Background information
- Born: Oakland, California
- Origin: Los Angeles, California
- Genres: Experimental; classical; electronic; ambient;
- Occupation: Composer
- Instruments: Piano; cello; guitar; electronics;
- Years active: 2019–present
- Label: Mesh
- Website: www.lukemombrea.com

= Luke Mombrea =

American musical artist

Luke Mombrea is an American composer of modern classical and electroacoustic music. He is best known for works utilizing live electronic elements, microtonality, folk music and field recordings.

== Education ==
Mombrea studied cognitive neuroscience and music composition at the University of California, Davis and University of California, Los Angeles, before receiving a Master's of Music in composition at the Royal College of Music, London.

== Career ==
His string quartet Lowlands was premiered by the Carducci Quartet in 2023 and features archival folk music transformed into looping minimalist structures.

In December 2023 Mombrea's piece Aurora for magnetic resonator piano was commissioned by The Night With... and performed by Xenia Pestova Bennett as part of the University of Leeds International Concert Series.

His piece Black Gold was commissioned by the London Symphony Orchestra in 2023 and received its premiere at LSO St. Luke's in May 2024. Performances of his concert music have been featured on both BBC 3 Radio and NTS Radio.

Mombrea has had audiovisual works featured at venues including Art Basel, the Wallace Collection, Olbrich Botanical Gardens, Culver City Hall and the Barbican Centre.

He has worked in film and television, scoring the upcoming HBO pilot Point Unknown, which stars the musical artist Corbin. Mombrea has also worked in the music department on films and television shows including Silo, Loki, Black Panther: Wakanda Forever, The Wild Robot, Emancipation, and Endeavour.

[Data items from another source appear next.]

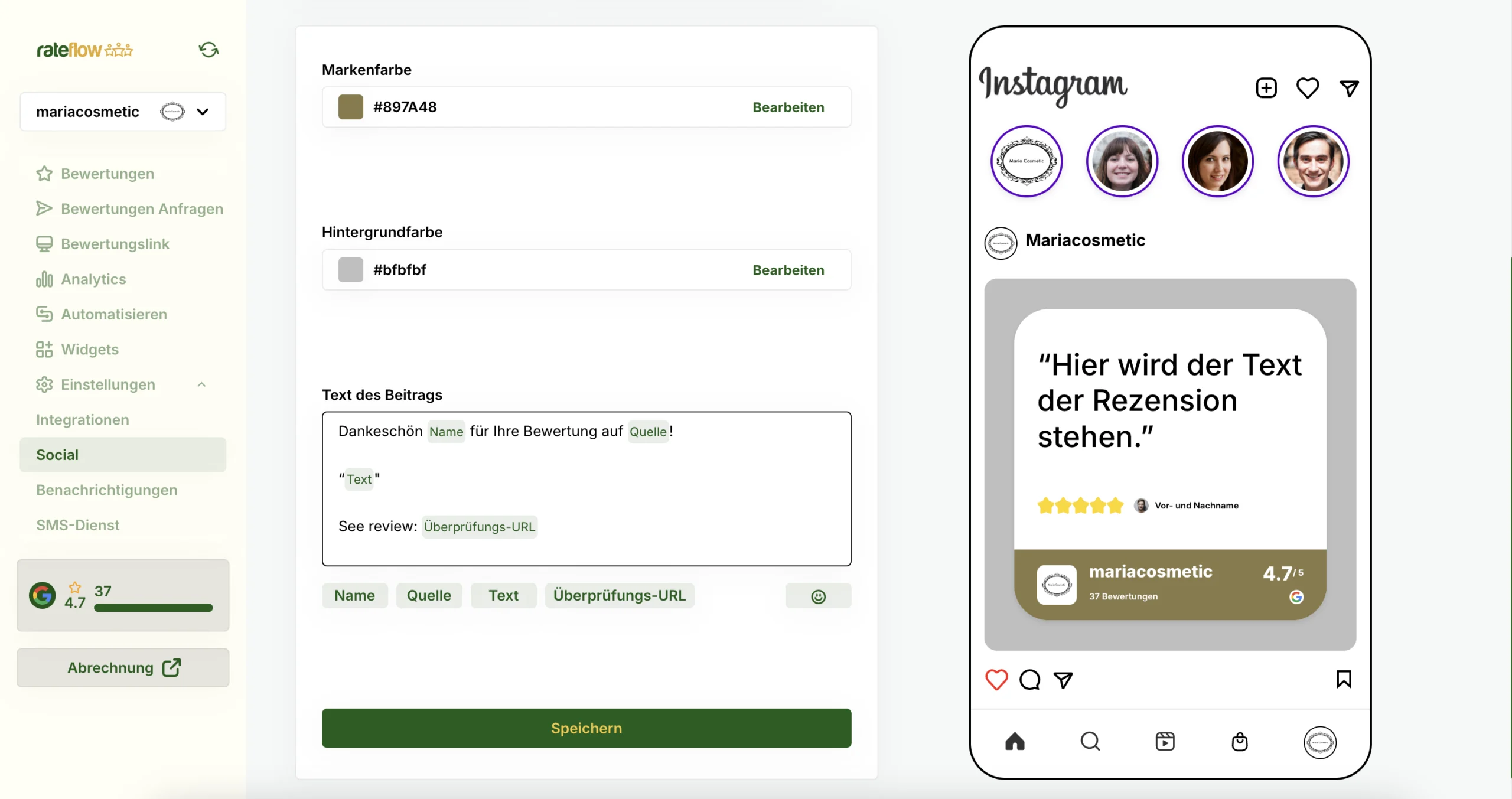 Möchten Sie Ihre Bewertungen in sozialen Medien teilen? Stellen Sie sicher, dass Sie Ihre sozialen Konten auf der Seite „Social“ verbinden und integrieren. Anschliessend können Sie anpassen, wie Ihre sozialen Beiträge aussehen sollen.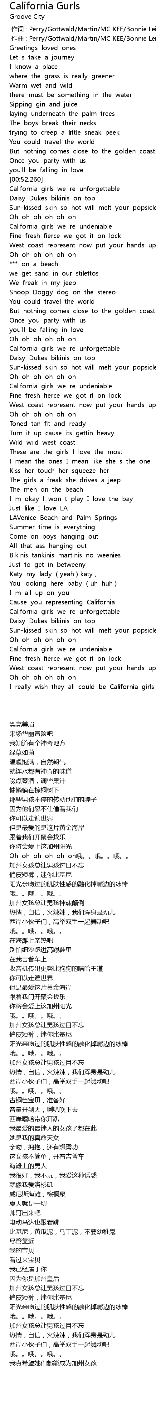| [00:00.000] | 作词 : Perry/Gottwald/Martin/MC KEE/Bonnie Leigh |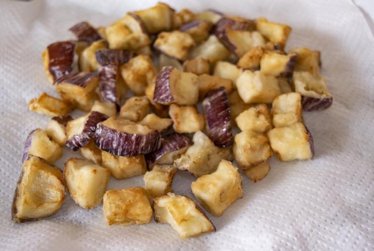 Le melanzane, cuore pulsante di questo piatto, vengono preparate con cura. Dopo essere state tagliate e lasciate riposare per rilasciare l’acqua in eccesso, vengono fritte fino a diventare dorate e croccanti, aggiungendo un tocco irresistibile di consistenza.

In June 2025, Mombrea's piece Redwood Hymn was premiered by the London Symphony Orchestra at the Barbican Centre. In November 2025 he won an Ivor Novello Award for his work with the London Symphony Orchestra on Black Gold.

On May 14, 2026, experimental chamber music ensemble Manchester Collective announced that his piece Black Gold will be performed on its eponymously named tour alongside works by Hildur Guðnadóttir, James Tenney, J.S. Bach and Sasha Scott.